To hold off the increasing amount of rain that falls on Tokyo every year, civil engineers have designed a colossal underground system to channel inundating waters. Known as the Metropolitan Area Underground Discharge Channel, the system consists of five separate tunnels that sweep excess rainfall away from the city center and into the Arakawa and other surrounding rivers.
Beyond its effectiveness, what makes this system truly impressive is the sheer scale of its structures. Beginning in the city center, each of the channel’s 5 shafts is large enough to accommodate a space shuttle.
At the end of the each shaft sits a 10-meter diameter tunnel that runs for 6.3 km.
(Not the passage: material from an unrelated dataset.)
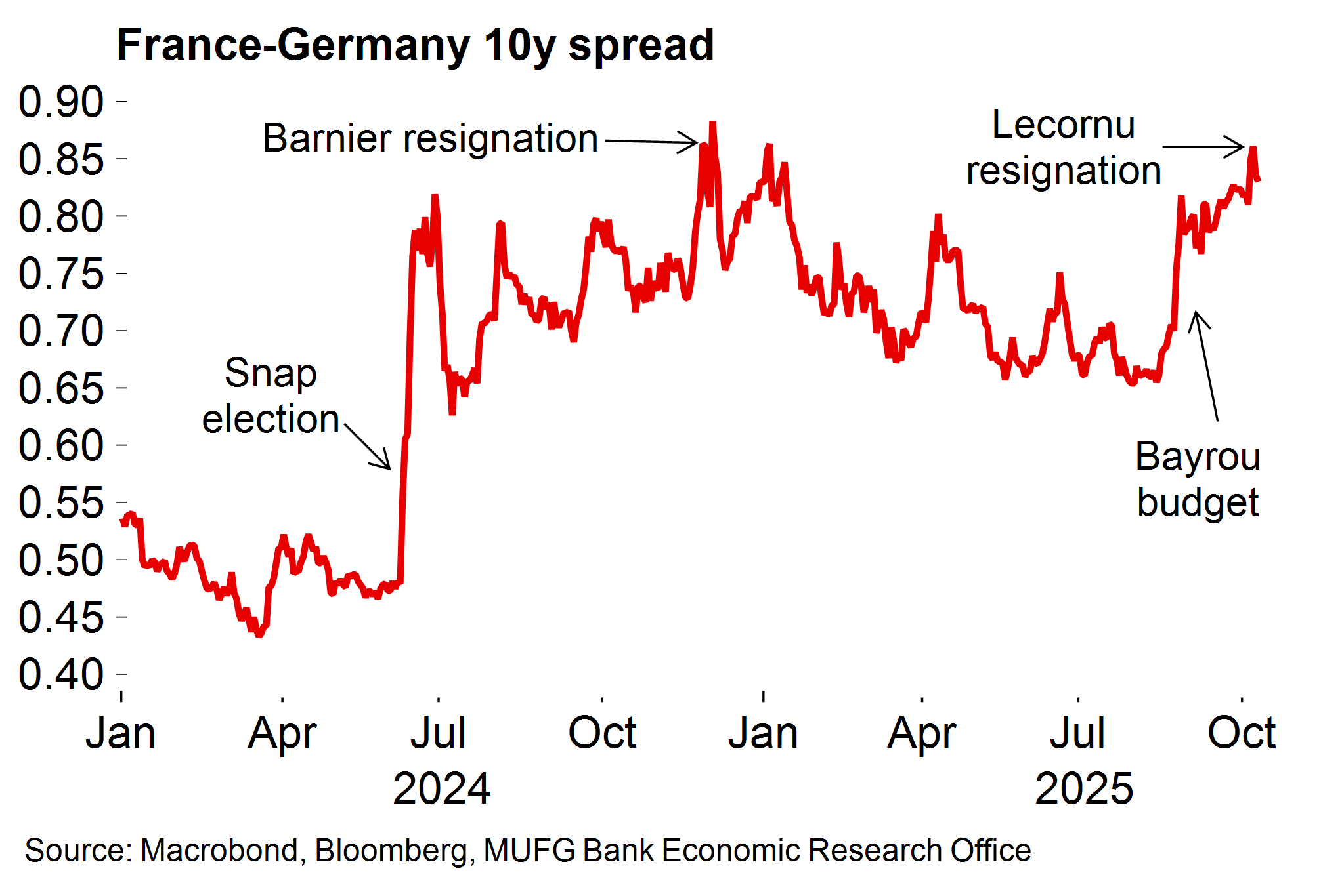 Parties’ focus on the bigger prize – the next presidential election – has been a significant factor behind France’s recent budget impasses. Every political decision has been framed through that lens. Opposition parties have attempted to walk a thin line between standing by their policy platforms and avoiding being seen as contributing to the current inertia and policy drift. Lecornu’s view is that the future government team should be “completely disconnected” from 2027 presidential ambitions, which seems to point to some sort of technocratic government. After the repeated failures previously, a change in approach seems overdue. It’s certainly plausible that a more technocratic figure, open to compromise and a slower pace of fiscal consolidation, could support some (relative) stability in France.

Although the system’s colossal collection shafts are impressive, at the end of the main system lies an even larger structure — The pressure adjusting tank. Measuring 177-meter long by 78-meter wide the tank, is home to a number of large pumps that drive water into Tokyo’s rivers at a rate of nearly 200 cubic meters per second.
As weather patterns continue to shift, cities will need to develop contingency measures aimed at ever more powerful phenomena. For without unpaved spaces in which water can naturally dissipate, massive engineering projects are the only viable option.
Which means it might not be too long before monumental feats of civil engineering, like the Tokyo discharge tunnel, transition from a place of awe into the everyday reality of our modern civic infrastructure.